Exploring Variation in Known Pharmacogenetic Variants and its Association with Drug Response in Different Mexican Populations.

Author information

1
Laboratorio de Farmacogenómica, Instituto Nacional de Medicina Genómica (INMEGEN), Ciudad de Mexico, Mexico. vgonzalez@inmegen.gob.mx.
2
Laboratorio de Genomica de Enfermedades Psiquiatricas y Neurodegenerativas, Instituto Nacional de Medicina Genomica (INMEGEN), Ciudad de Mexico, Mexico.
3
Laboratorio de Farmacogenómica, Instituto Nacional de Medicina Genómica (INMEGEN), Ciudad de Mexico, Mexico.
4
Laboratorio de Diagnostico Genomico, Instituto Nacional de Medicina Genómica (INMEGEN), Ciudad de Mexico, Mexico.
5
Servicios de Atención Psiquiatrica (SAP) Secretaria de Salud, Ciudad de Mexico, Mexico.

Abstract

PURPOSE:

Information on genetic variants that affect the pharmacokinetics and pharmacodynamics (PK/PD) of drugs in different populations from Mexico is still an ongoing endeavor. Here, we investigate allele frequencies on pharmacogenetic targets in Mexican Mestizos and Natives from three different States and its association with drug efficacy in individuals receiving either anticoagulants or antipsychotic drugs.

METHODS:

Natives from three different states and Mestizo patients receiving acenocoumarol or antipsychotics were genotyped using the DMET microarray (Affymetrix).

RESULTS:

We provide a collection of genetic variants that indicate that there are 3-times more variation than similarities between populations from Mexico and major continental groups. These differences were observed in several relevant targets including ABCB1, SLCO1A1, NAT2, UGTs, TYMS, VKORC1, and NR1I3. Moreover, Mexican Mestizos also showed allele frequency differences when compared to Natives for variants on DPYD, ADH1A, CYP3A4, SLC28A3, and SLC28A1. Significant allele differences also arose among the three Native groups here studied, mostly for transporters of the ABC-binding cassette and the solute carrier gene family.

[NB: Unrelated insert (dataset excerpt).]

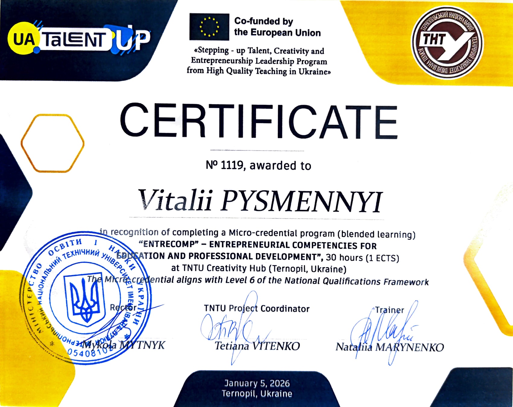 Департамент фінансів Тернопільської обласної державної адміністрації (тема: «Розвиток бюджетної політики у контексті сучасних суспільних викликів», 2021 р., 6 кредитів ЄКТС/180 год.).
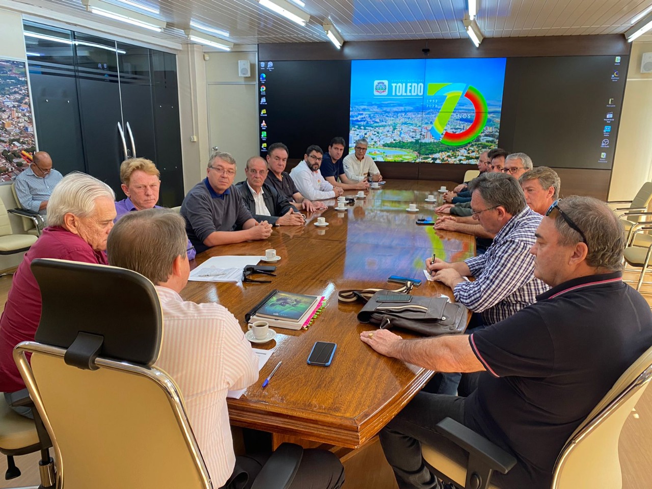 Dirigentes e conselheiros do Esporte Clube Toledo foram recebidos na tarde desta terça-feira (24), na sala de reuniões do Gabinete, pelo prefeito Beto Lunitti, avançando em tratativas em relação aos projetos do novo clube de futebol. Participaram, entre outros, o presidente do clube, Jair Benke; o presidente do Conselho Deliberativo, Wilson dos Santos; o coordenador Técnico, Agenor Piccinin; o vereador Leoclides Bisognin, presidente da Câmara Municipal e conselheiro do novo clube; o secretário de Planejamento Neuroci Frizzo; e o chefe de Gabinete Márcio “Peninha” Borges.

Finally, we explored genotype-drug response associations and pinpointed variants on FMOs (coumarins), and GSTM1 (haloperidol).

CONCLUSIONS:

These findings confirm previous results and further delve into the pharmacogenetics of Mexican populations including different Native groups.

KEYWORDS:

Mexican populations; antipsychotics; coumarins; pharmacogenetics

PMID:
27387170
DOI:
10.1007/s11095-016-1990-5
[Indexed for MEDLINE]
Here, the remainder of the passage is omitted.